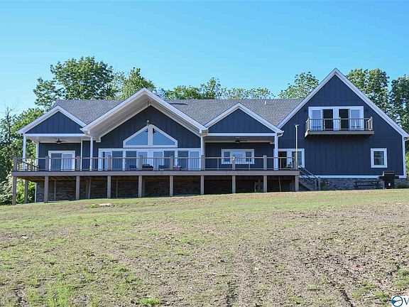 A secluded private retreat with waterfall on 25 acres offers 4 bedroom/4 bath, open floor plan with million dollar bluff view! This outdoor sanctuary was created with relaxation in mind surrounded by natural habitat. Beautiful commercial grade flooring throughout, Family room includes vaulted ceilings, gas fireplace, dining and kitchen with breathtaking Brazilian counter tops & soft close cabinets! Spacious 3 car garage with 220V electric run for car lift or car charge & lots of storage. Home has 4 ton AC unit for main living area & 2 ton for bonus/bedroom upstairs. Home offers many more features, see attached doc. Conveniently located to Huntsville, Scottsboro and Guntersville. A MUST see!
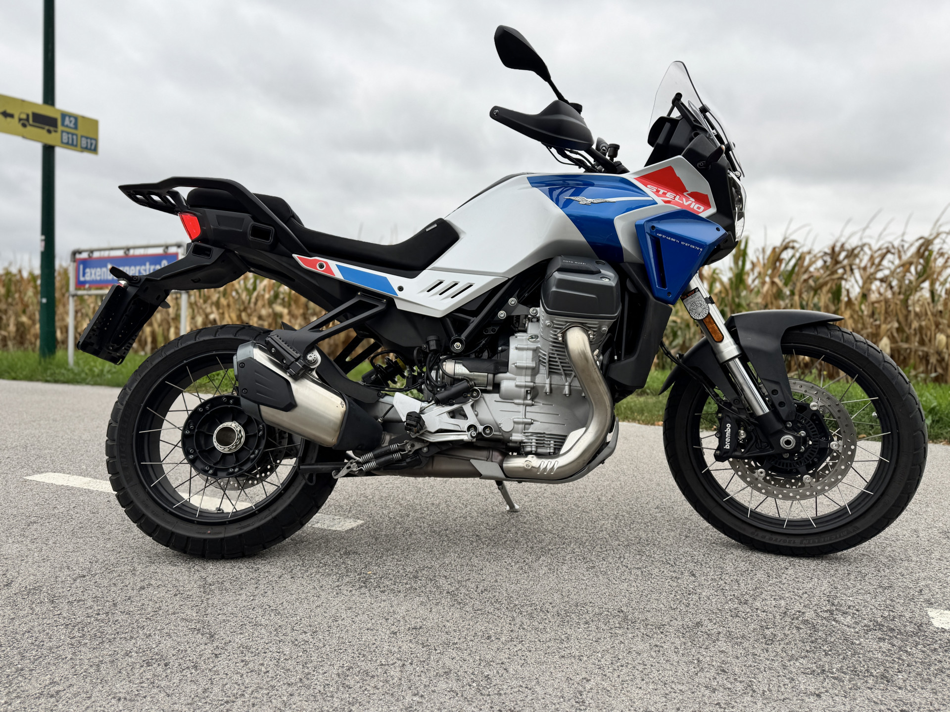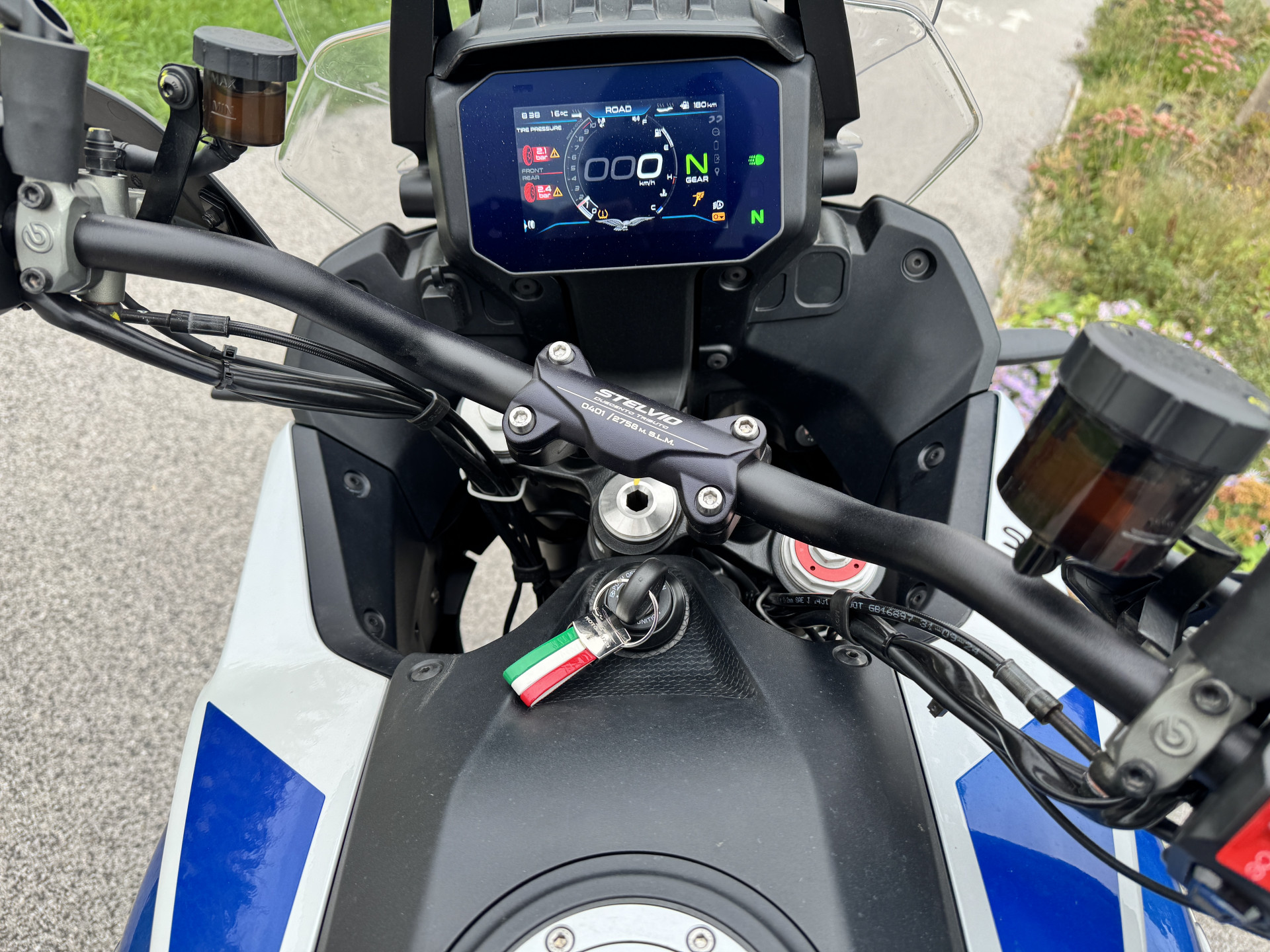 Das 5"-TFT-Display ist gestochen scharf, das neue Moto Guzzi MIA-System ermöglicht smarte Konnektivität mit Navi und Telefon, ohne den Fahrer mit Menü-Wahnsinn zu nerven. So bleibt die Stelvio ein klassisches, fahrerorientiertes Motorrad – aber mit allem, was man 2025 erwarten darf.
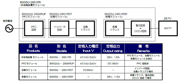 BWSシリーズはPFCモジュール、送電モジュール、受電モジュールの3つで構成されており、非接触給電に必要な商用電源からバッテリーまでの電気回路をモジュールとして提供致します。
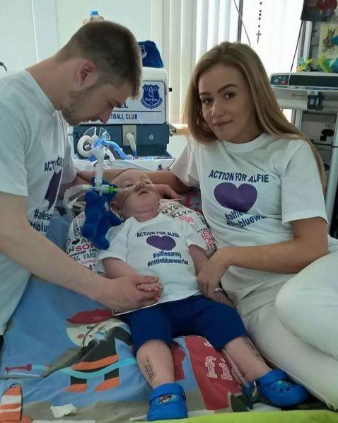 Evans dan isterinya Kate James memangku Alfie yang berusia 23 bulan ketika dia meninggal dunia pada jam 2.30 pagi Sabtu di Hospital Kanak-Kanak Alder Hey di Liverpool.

######

## EXERCISE AIM
Every line from the one with "BWSシリーズはPFCモジュ" through the end of the material above should be restated word for word, with the pictures left out.

## SOLUTION TO THIS TASK
 BWSシリーズはPFCモジュール、送電モジュール、受電モジュールの3つで構成されており、非接触給電に必要な商用電源からバッテリーまでの電気回路をモジュールとして提供致します。
 Evans dan isterinya Kate James memangku Alfie yang berusia 23 bulan ketika dia meninggal dunia pada jam 2.30 pagi Sabtu di Hospital Kanak-Kanak Alder Hey di Liverpool.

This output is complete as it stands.